ESTIMATED LENGTH: 205 miles estimated time: 6 hours to 2 days
highlights: Charlie Russell Chew Choo, Upper Musselshell Museum, Train Park, Judith Gap wind farm, Yogo sapphires, Alberta Bair Museum, Gigantic Warm Springs, Big Spring Creek, Musselshell River
getting there: Lewistown is nearly in the geographic center of Montana, so in theory you can get there from anywhere. From I-90, take one of the two Big Timber exits and drive north on US 191. From Billings, exit US 87 for Roundup. And from Great Falls, go south on US 89 to MT 3 and continue to Lewistown.
OVERVIEW
Ask longtime residents where they’d choose to live if they could somehow find the perfect blend of scenery, pace, and mix of past and present Montana, and many will whisper Lewistown. On the surface, Lewistown with its towering county courthouse rising above leafy streets seems to embody a Rockwellian ideal.
Lewistown sits in a valley and is just close enough to such mountains as the Judith and Big Snowy Mountains (called island ranges because of their isolation from other mountain ranges) to paint a classic Montana portrait, right down to the trout stream that flows through town. Yet it’s far enough away from the stark ranges and cold-water fisheries of glossy magazines to offer isolation and escape from the trophy home frenzy.

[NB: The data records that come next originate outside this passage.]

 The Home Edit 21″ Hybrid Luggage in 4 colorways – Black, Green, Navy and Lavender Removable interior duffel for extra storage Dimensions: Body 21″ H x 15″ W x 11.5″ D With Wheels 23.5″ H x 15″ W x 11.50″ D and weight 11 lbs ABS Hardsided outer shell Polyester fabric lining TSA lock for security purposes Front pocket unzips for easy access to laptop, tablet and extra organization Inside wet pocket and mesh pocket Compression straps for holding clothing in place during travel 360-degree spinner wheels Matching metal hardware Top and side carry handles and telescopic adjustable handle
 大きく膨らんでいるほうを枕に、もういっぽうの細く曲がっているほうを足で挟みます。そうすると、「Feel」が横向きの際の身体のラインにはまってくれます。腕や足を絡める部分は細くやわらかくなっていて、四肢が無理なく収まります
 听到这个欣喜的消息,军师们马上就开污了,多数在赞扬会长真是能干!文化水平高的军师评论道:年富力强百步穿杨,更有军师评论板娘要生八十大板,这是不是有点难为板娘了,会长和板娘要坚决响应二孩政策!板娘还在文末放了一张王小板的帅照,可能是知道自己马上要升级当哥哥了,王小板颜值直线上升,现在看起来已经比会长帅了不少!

At first glance, it might seem this square-shaped central Montana route doesn’t offer much. Mesmerizing scenery isn’t the calling card here. It’s simply mile after mile of eye-pleasing, pastoral surroundings, with grasses that’s why they call them Wheatland and Golden Valley counties swaying against a distant backdrop of snowcapped mountains in every direction: the burly Absarokas and Beartooths, the deceptively brawny Crazys, the timbered Castles and Little Belts, the captivating Big Snowys, the Judiths standing guard over Lewistown, and, in the shadowy distance, the Highwoods and Little Rockies. Along the way, you’ll pass ranches and tractors, white-tailed deer and pronghorn, and get a glimpse of Montana’s energy future at Judith Gap, where fields of spinning white wind turbines protrude from the range as far as the eye can see.

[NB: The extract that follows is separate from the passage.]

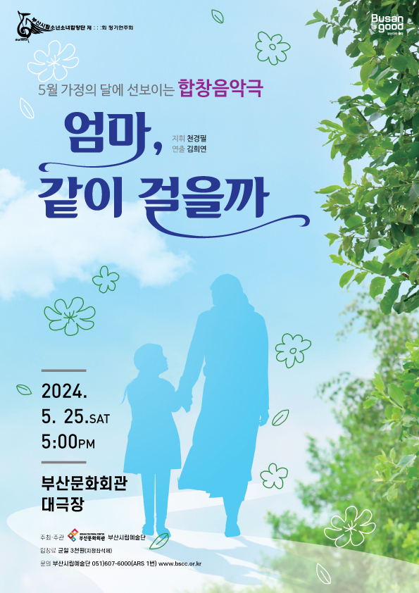 새로운 50주년(1973년 창단)을 시작하는 부산시립소년소녀합창단이 가정의 달 5월을 맞아 가족이 함께할 수 있는 ‘합창 음악극’을 선보인다. 이번 무대는 천경필 수석지휘자의 지휘로 솔로, 중창, 합창 등 다양한 편성으로 전체 8개의 에피소드로 구성한다. 이번 무대는 사춘기가 시작된 딸과 엄마가 서로의 마음을 이해하고 알아가는 과정을 음악과 연기, 영상으로 만든다. 매일 반복되는 엄마와 사춘기 딸의 싸움으로 둘은 지쳐버린 상태. 매사를 모범생인 남동생과 비교하는 엄마와 다툰 후 홧김에 딸은 집을 나간다. 엄마는 딸의 행방을 알아보려 수첩을 뒤지다가 아기 때 딸의 모습을 발견하고 추억에 젖는다. 한편 딸은 친구들과 만나 각자의 괴로움을 이야기하며 마음을 달랜다. 집으로 돌아가는 중 길에서 울고 있는 아이(엄마)를 만나고, 엄마가 된 나를 만나기도 하며 엄마를 이해하게 된다는 내용이다. 지휘 천경필 수석지휘자, 연출·대본 김희연, 연기 지도 이현주(부산시립극단 상임단원), 출연 단체 부산시립소년소녀합창단, 이사라(객원 배우), 김보은(신시사이저, 김진훈·김은호(타악기). ▶5월 25일(토) 오후 5시 부산문화회관 대극장. 관람 대상 만 6세 이상 입장 가능. 입장료 R석 3000원, S석 2000원.
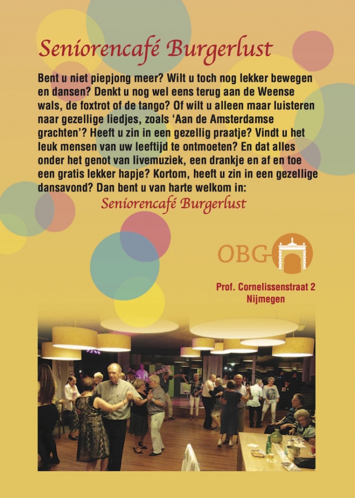 Seniorencafé Burgerlust organiseert tweemaal per maand een dansavond voor ouderen. Op de tweede, vierde en evt. vijfde dinsdag van de maand. Zo ook op dinsdag 23 oktober: tussen 19.30 en 22.30 uur bent u welkom in Grand Café De Borger in het OBG aan de Prof. Cornelissenstraat 2.

THE FERGUS COUNTY COURTHOUSE IN LEWISTOWN IS ONE OF THE STATE’S MOST PICTURESQUE COUNTY COURTHOUSES
This region also factors heavily into Montana’s railroad history. The Milwaukee Road’s electrified line began in Harlowton and navigated rugged terrain for 252 miles into Idaho. You can still see the old grade snaking along the Musselshell River, along with a few weathered signals, and the periodic railroad building sporting peeling paint.
We recommend starting in Lewistown and heading east on US87/MT200 toward the little oasis of Grass Range. Continue south on US 87 through ranch country into the pine-studded environs of Roundup, an agricultural and coal-mining town that’s been through a lot in recent years and is hoping for better days ahead.